Task brief> Write out, exactly and only, the lines that run from the top of the records to the line with "Format: 1185 x 1750 mm". Include both ends; exclude pictures.

(Collected data)
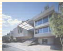
STEP 創立 85 周年記念館

〒561-0872 大阪府豊中市寺内 1-1-43 TEL: 06-6866-0800 http://www.chuoko-osaka.ac.jp/
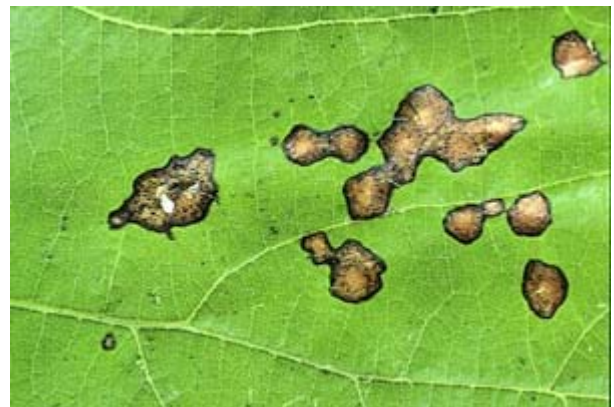
Taches de black-rot sur une feuille de Merlot. Les nécroses sont entourées d'une marge noirâtre.
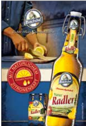
Format: 1185 x 1750 mm

CityLight-Poster sind sehr auffällige Werbeträger in Einkaufszentren, Fußgängerzonen und an Haltestellen. Ihre Beliebtheit in der Branche spiegelt sich in der wachsenden Stellenanzahl wider. Ihr ansprechendes Design, die Präsentation hinter Glas sowie die Hinterleuchtung punkten beim Betrachter. //

Response to the task>
STEP 創立 85 周年記念館

〒561-0872 大阪府豊中市寺内 1-1-43 TEL: 06-6866-0800 http://www.chuoko-osaka.ac.jp/
Taches de black-rot sur une feuille de Merlot. Les nécroses sont entourées d'une marge noirâtre.
Format: 1185 x 1750 mm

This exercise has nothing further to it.